I was recently asked to put down five things that I think we need to do to improve Fellowship Bible Church. This is not a perfect list, but it's the top five that came to mind that I believe would have the quickest impact toward moving us forward.
1) Become a culture of "can":
Once we have determined something should be done, "NO" should never be the answer. "Not now" is also not allowed. At least go to the trouble of developing a plan to make it happen. Money won't ever stop something worthy. Make the need known. Do we need $10,000.00 to do X? Tell the people we need to raise $10000 to do X and see if they will respond, If they agree it's important they will and just making the need know will help them feel a part of the church instead of just consumers of it's produce.

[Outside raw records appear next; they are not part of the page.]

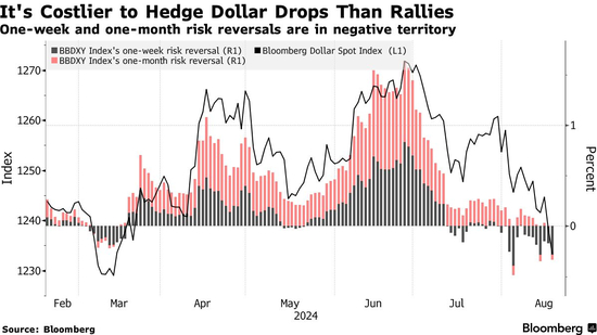 一篮子美元主要贸易伙伴的货币对风险逆转指数显示,交易员为在未来一周或一个月内美元下跌时受益的期权支付的价格高于那些寻求上涨的期权。
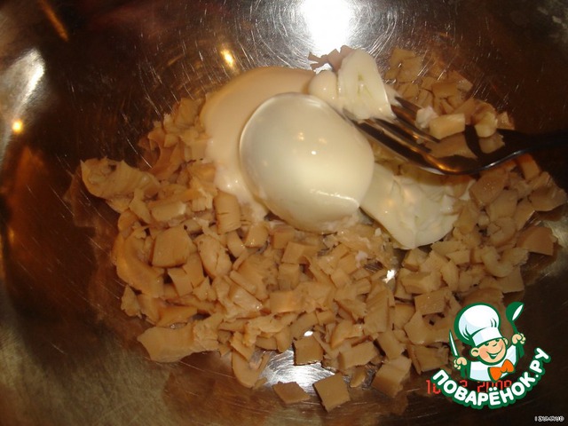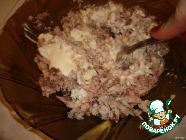 заправить майонезом и хорошо перемешать (майонеза много не добавляйте, а то масса получится жидкой и из неё будет трудно лепить)
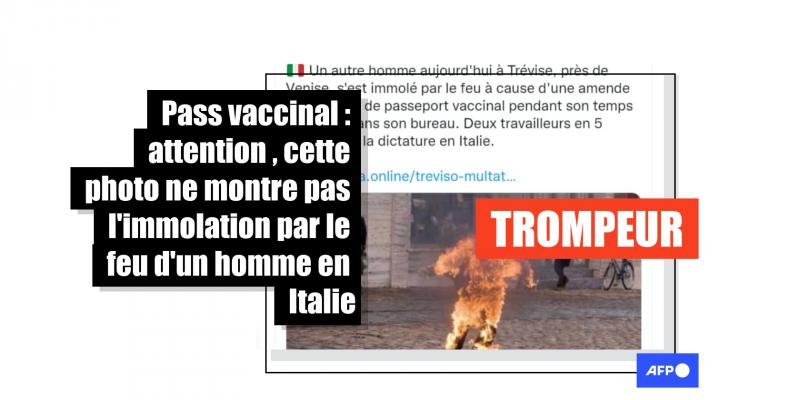 Leur colère s'est concentrée ces derniers jours autour d'une photo, relayée sur Facebook et Twitter et présentée comme l'immolation par le feu d'un homme dans la province italienne de Trévise, désespéré après s'être vu infliger une amende pour "défaut de passeport vaccinal pendant son temps de travail dans son bureau".
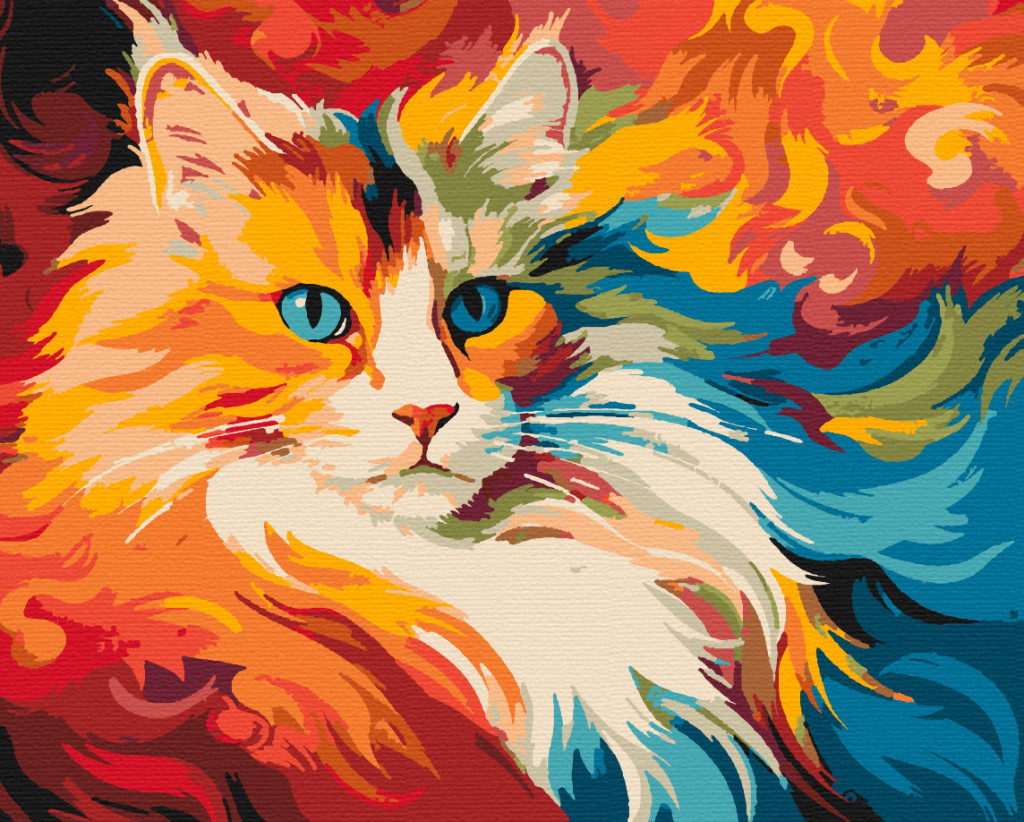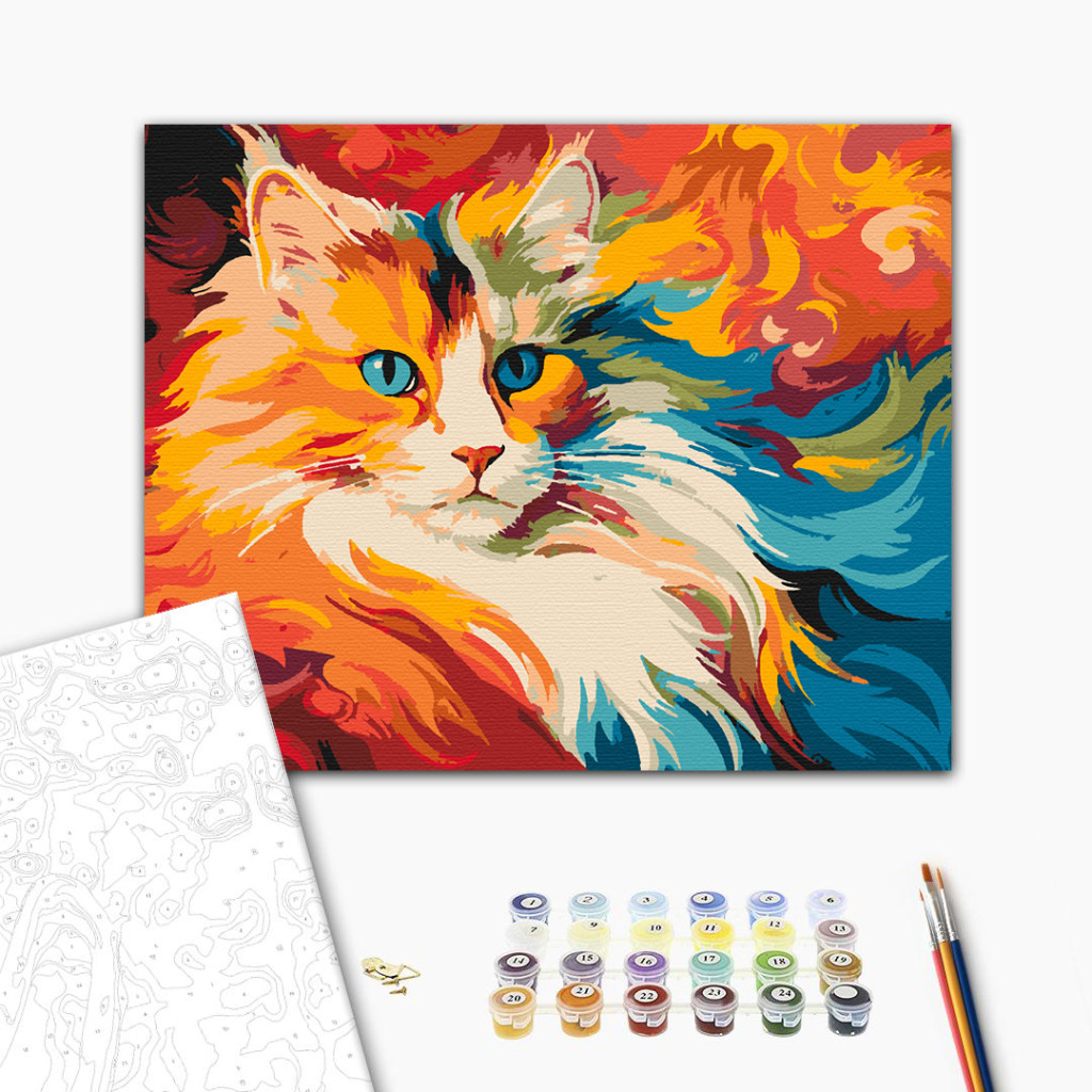 Macska szivárvány - Számfestő készlet kereten 40x50
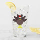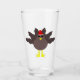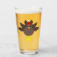 Este vidro espetacular mostra uma engraçada caricatura de um peru de Natal com grandes olhos pretos, um pequeno bico amarelo e penas de cauda enfiadas. Os pés estão voltados em direções opostas, fazer o peru parece desajeitado. O peru está vestindo um chapéu de Papai Noel vermelho e branco e está pronto para o Natal.
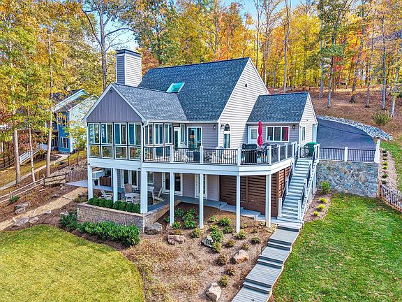 This spectacular lakefront contemporary home is perfect for entertaining. Short term rentals allowed! This immaculate lake home has been almost totally been remodeled & is designed for comfort, style, & lake living. 4 bedrooms, 3 1/2 baths, approx 3,660 sq. ft finished, & approx 660 sq. ft unfinished. Great room features a cathedral ceiling, stone fireplace, & beautiful hardwood floors. The kitchen offers a large island w/ breakfast area, granite countertops, GE Profile appliances, pantry & open to the dining area. Main level primary suite has a cathedral ceiling, spacious bath w/double vanities & an oversized double shower. Sunroom w/floor to ceiling glass. Two guest bedrooms & a full bath on the upper level. The lower level has a family room, 4th bedroom & full bath. Partially Furnished The house is sold with most furnishings. Seller has a list of items that do not convey. House is decorated as 4 bedrooms but has a 3 bedroom septic. Whole house generator will convey with the house.
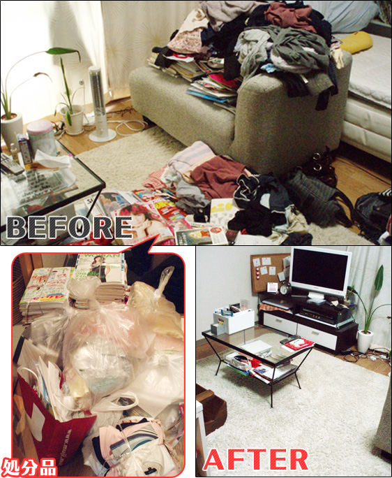 片づけられない、何をやったらよいかわからない、そんな自分に全く自信がなく、その救いを各種自己啓発本、ダイエット本や片付け本、女性向け雑誌類に求めていて、過去何年も溜めてきたそんな本や雑誌の山、散乱した洋服や小物類に囲まれている。
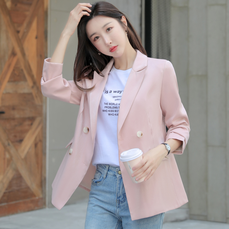 Pink small suit jacket female spring and autumn Korean version 2023 new design sense niche small casual suit suit
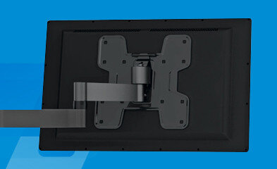 - Настенные поворотные кронштейны могут разворачиваться на 180 градусов. Это дает возможность менять угол обзора, что актуально для помещений со сложной геометрией, квартир с открытой планировкой. Регулировка происходит благодаря держателю с поворачивающим механизмом.
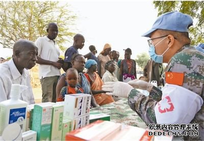 日前,中国第六批赴南苏丹(朱巴)维和步兵营医护人员为驻地民众进行卫生防病和疫情防控宣讲。图为医护人员在附近的皇后村开设临时巡诊点、发放常用药品。 |

2) Top to bottom transparency:
Everybody should be able to know what everybody else is doing, including the elders. Unless it is extremely personal, the issues being that are being discussed should be made known to the congregation. It will help with the sometimes perceived bait and switch if a position is changed. Invite input on those issues from the congregation in an arms length, asynchronous forum, like a blog with comments or an actual online discussion forum.
3) Membership:
Low commitment levels are a direct result of failing to ask for commitment in a tangible way. Establish a meaningful membership covenant that outlines the responsibilities of BOTH church to member and member to church. It also needs a doctrinal statement that all members agree to. Most but not all positions in the church should only be open to "members" and part of the membership covenant is a promise to serve, failing to do so subjects the member to discipline, (i.e. a call, you were on our list of members not in active ministry what can we do to find you your place?)

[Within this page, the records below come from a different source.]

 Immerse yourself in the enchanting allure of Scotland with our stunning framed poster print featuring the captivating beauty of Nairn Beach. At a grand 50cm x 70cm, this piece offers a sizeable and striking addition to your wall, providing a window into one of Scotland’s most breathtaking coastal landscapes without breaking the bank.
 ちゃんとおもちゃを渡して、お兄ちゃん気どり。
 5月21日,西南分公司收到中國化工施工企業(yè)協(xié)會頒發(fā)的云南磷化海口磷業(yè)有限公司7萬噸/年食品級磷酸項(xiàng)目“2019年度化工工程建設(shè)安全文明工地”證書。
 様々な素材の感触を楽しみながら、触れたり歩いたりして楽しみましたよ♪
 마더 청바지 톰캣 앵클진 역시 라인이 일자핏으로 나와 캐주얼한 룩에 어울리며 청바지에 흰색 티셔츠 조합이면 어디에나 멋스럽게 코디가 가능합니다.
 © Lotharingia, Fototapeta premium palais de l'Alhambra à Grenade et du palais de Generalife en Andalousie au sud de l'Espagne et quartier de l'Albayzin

4) Make Tech part of every plan, not an afterthought:
Big fail here, transparency and communication (both ways) can be a SNAP with all the tech tools available, twitter, facebook, blogs and pod/vodcasts. Whenever anything is planned, always ask, "How can we use our technological resources to maximize our impact and reach." Twitter and Facebook should be updated AT LEAST daily. Recent missed opportunity example: Post the elder nominee videos online and allow online feedback. It's literally 15 minutes worth of work.
5) Expect Church Members to do the actual work, not the staff:
The gumball example from 2 weeks ago is perfect, but think about it in man hours. The little jar is how much staff time is available to do ministry and the big jar is member hours available. Before you go looking for a staff person to do something, Try to find a member to do it. The benefits of that are huge: ownership, contribution, save money, time, maybe get someone truly talented in the area with a passion for it.
These are the rough starting points but I think they are 5 key things that would all work together to take it to the next level.